Work required = Below are the records; give again exactly the lines from the one containing "The City Record newspaper publishes" through the one containing "- Умный поиск", leaving out pictures.

Provided data =
□ □ □ □ □ □ □
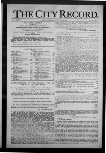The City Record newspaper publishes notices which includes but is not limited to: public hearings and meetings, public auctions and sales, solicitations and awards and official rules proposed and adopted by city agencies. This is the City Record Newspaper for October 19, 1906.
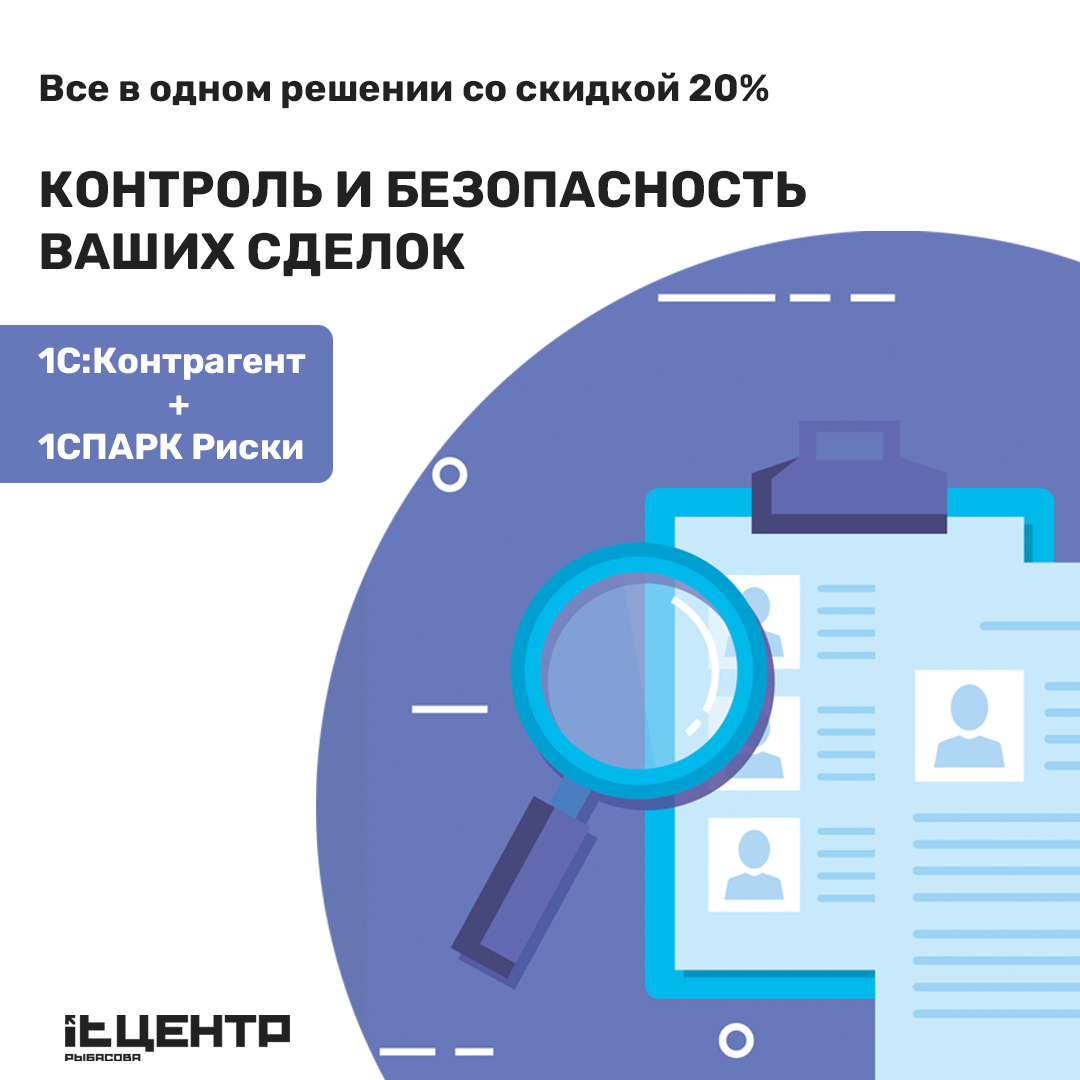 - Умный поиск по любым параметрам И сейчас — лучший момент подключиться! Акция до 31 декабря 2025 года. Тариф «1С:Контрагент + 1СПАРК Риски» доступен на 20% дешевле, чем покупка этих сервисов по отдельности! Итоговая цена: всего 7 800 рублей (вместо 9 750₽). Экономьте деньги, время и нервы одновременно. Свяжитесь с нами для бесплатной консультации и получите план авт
□ □ □ □ □ □ □
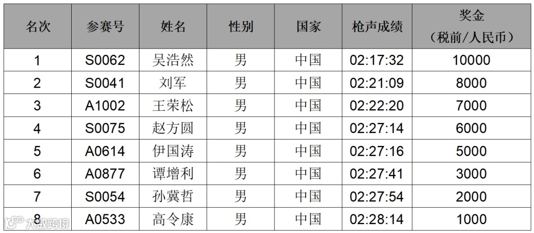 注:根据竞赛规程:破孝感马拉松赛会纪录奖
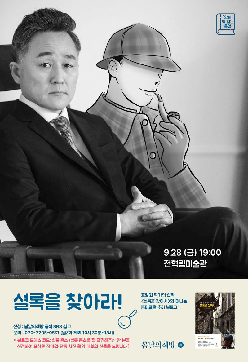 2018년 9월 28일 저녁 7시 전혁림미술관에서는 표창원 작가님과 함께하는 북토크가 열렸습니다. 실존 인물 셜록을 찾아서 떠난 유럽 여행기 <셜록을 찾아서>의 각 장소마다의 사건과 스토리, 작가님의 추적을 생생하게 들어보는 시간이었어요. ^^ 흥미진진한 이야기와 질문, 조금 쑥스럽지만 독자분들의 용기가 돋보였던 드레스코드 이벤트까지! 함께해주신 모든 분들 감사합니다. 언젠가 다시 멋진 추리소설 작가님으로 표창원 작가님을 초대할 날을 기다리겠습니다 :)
□ □ □ □ □ □ □
Exercise result =
The City Record newspaper publishes notices which includes but is not limited to: public hearings and meetings, public auctions and sales, solicitations and awards and official rules proposed and adopted by city agencies. This is the City Record Newspaper for October 19, 1906.
 - Умный поиск по любым параметрам И сейчас — лучший момент подключиться! Акция до 31 декабря 2025 года. Тариф «1С:Контрагент + 1СПАРК Риски» доступен на 20% дешевле, чем покупка этих сервисов по отдельности! Итоговая цена: всего 7 800 рублей (вместо 9 750₽). Экономьте деньги, время и нервы одновременно. Свяжитесь с нами для бесплатной консультации и получите план авт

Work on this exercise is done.